The algorithm called Semi-Supervised Generative Adversarial Network architecture can mimic the brains of the top players who were already trying to predict their opponent’s next shot. The system can predict about 1,000 shots in 30 seconds.
The system, given the data on a particular player, could predict how that player would hit the ball on break point if a server went either down the line or out wide. It could also predict the likelihood that a particular player will try to beat an opponent at the net by hitting a lob or passing shot– and how that shot selection might change at different stages of a match. As the technology improves, the possibilities in terms of what information that offers players in their match preparation is endless.
It’s no secret that public personalities are often victims of cyberbullying and harassment. With more athletes raising the concern about mental health around the sport, tournaments are finally starting to take steps to support players in their virtual worlds as well as when they’re on the court competing.
At this year’s Roland Garros (French Open), the tournament has rolled out a new AI-driven software made by BodyGuard.ai. Players can integrate the BodyGuard technology with their social media accounts to filter out abusive comments and blocks abusive remarks.

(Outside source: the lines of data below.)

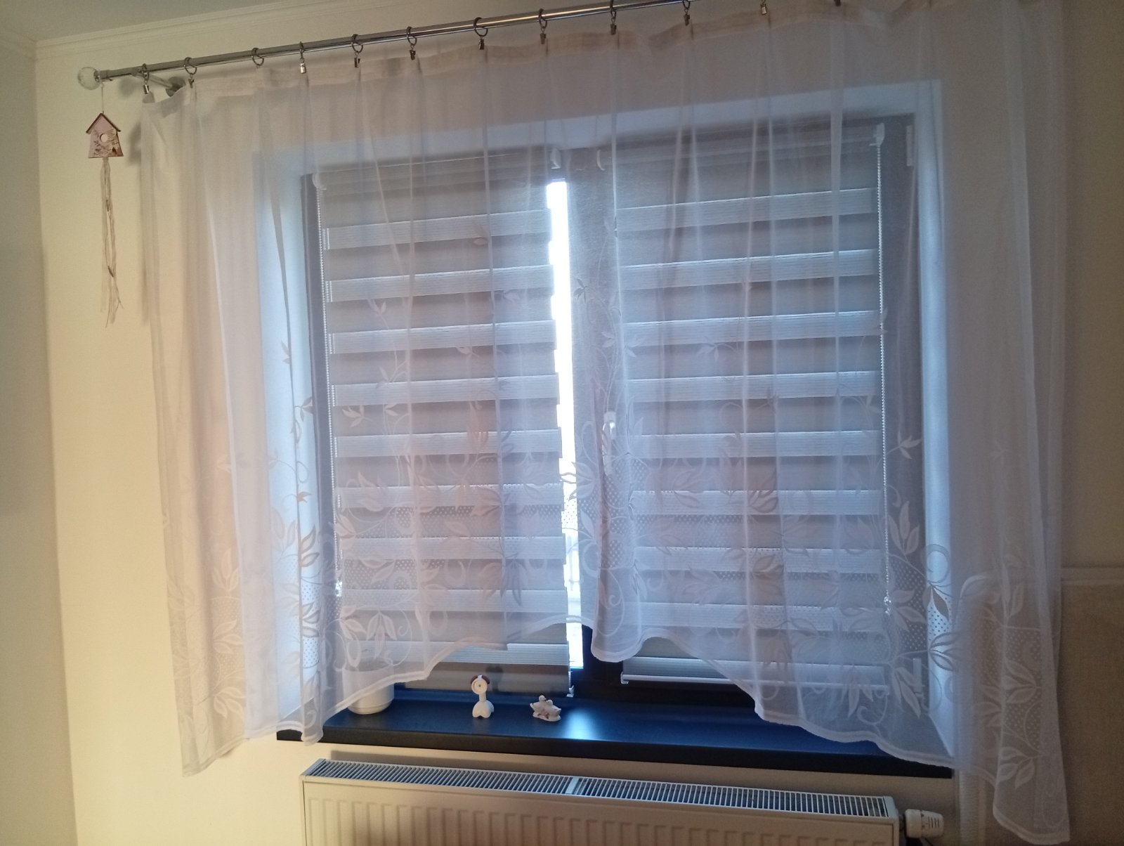 Výška záclony je 145cm a šírku si možno regulovať snurkami
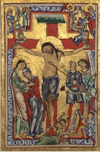 Standing by the cross of Jesus were his mother and his mother’s sister, Mary the wife of Clopas, and Mary of Magdala. When Jesus saw his mother and the disciple there whom he loved he said to his mother, “Woman, behold, your son.” Then he said to the disciple, “Behold, your mother.” And from that hour the disciple took her into his home. After this, aware that everything was now finished, in order that the Scripture might be fulfilled, Jesus said, “I thirst.” There was a vessel filled with common wine. So they put a sponge soaked in wine on a sprig of hyssop and put it up to his mouth. When Jesus had taken the wine, he said, “It is finished.” And bowing his head, he handed over the spirit. (Jn 19:25-30).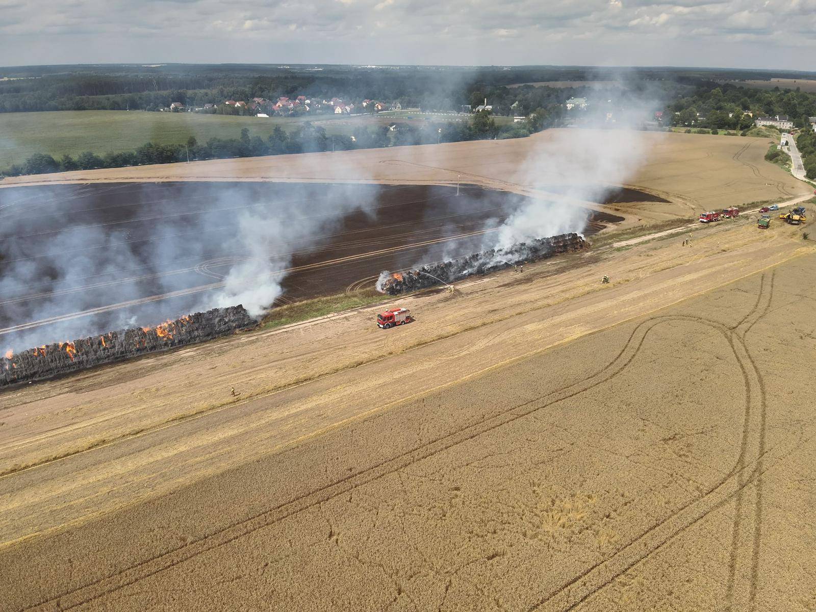 Dobra informacja jest taka, że dzięki szybkiej interwencji strażaków i pomocy lokalnych rolników, udało się obronić przed ogniem około 100 hektarów upraw zbożowych.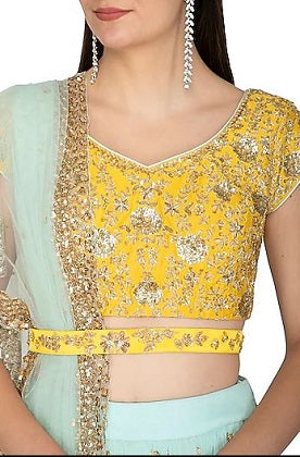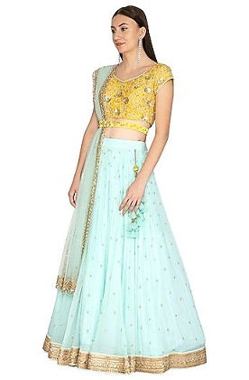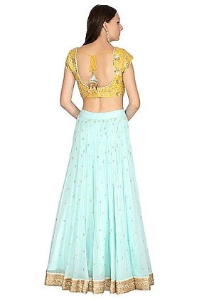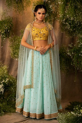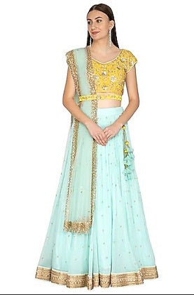 Featuring an aqua blue gathered lehenga skirt in georgette base with dabka and sequins embroidery. It is paired with a contrasting bright yellow blouse in chanderi base, belt and dupatta in net base.

The company states a team of linguists has created word patterns that can be updated in real-time which would help it filter out abusive comments, adding: “The aim is to let nothing slip through the net while being careful not to be too censorial.”
The introduction of this technology is expected to be rolled out at more tournaments and Grand Slams in the future to contribute to a more positive and supportive online environment for the players during competitions.
The integration of AI can also be seen in the evolution of the sport’s most essential equipment. Leading racquet manufacturer, Babolat has rolled out a series of racquets that feature built-in sensors which can be connected to a person’s phone to receive dynamic feedback on performance.
An accelerometer calculates the direction and speed of the racquet, the gyroscope measures its rotation to tell you more about the spin rate, and the piezoelectric sensor measures the vibrations felt through the racquet that indicates how accurately a player hits the “sweet spot.” This data can then be used to quickly spot patterns and discrepancies to help improve the player’s performance. This evolution in equipment is a perfect example of IoT and AI combining to provide solutions in the sport.
Another example of AI creeping its way into our equipment is the use of “smart” dampeners. Demapeners are traditionally used to reduce vibration felt in the racquet, but their actual benefits are largely debated with some experts suggesting it’s more of an aesthetic choice than anything else. So if you’re going to use a dampener, then why not make it smart?
Qlipp is a sensor that’s placed on the body of the strings much like a traditional dampener. Similar to the sensors in Bablot’s racquets, Qlipp connects via Bluetooth to your phone and collects data on a player’s strokes, speed, accuracy, and sweet spot vibrations. It can also be programmed to track stats during the game. This likely isn’t an add-on that the pros would use, but for recreational players, having access to these stats and data points is like having a coach in your back pocket.
In summary, tennis is a sport that’s prime for AI use cases. The sport generates millions of data points per match that can be used to enhance the game at all levels. As AI continues to progress, we can expect to see AI being a key difference maker for those looking to close in on the most elite levels of the sport.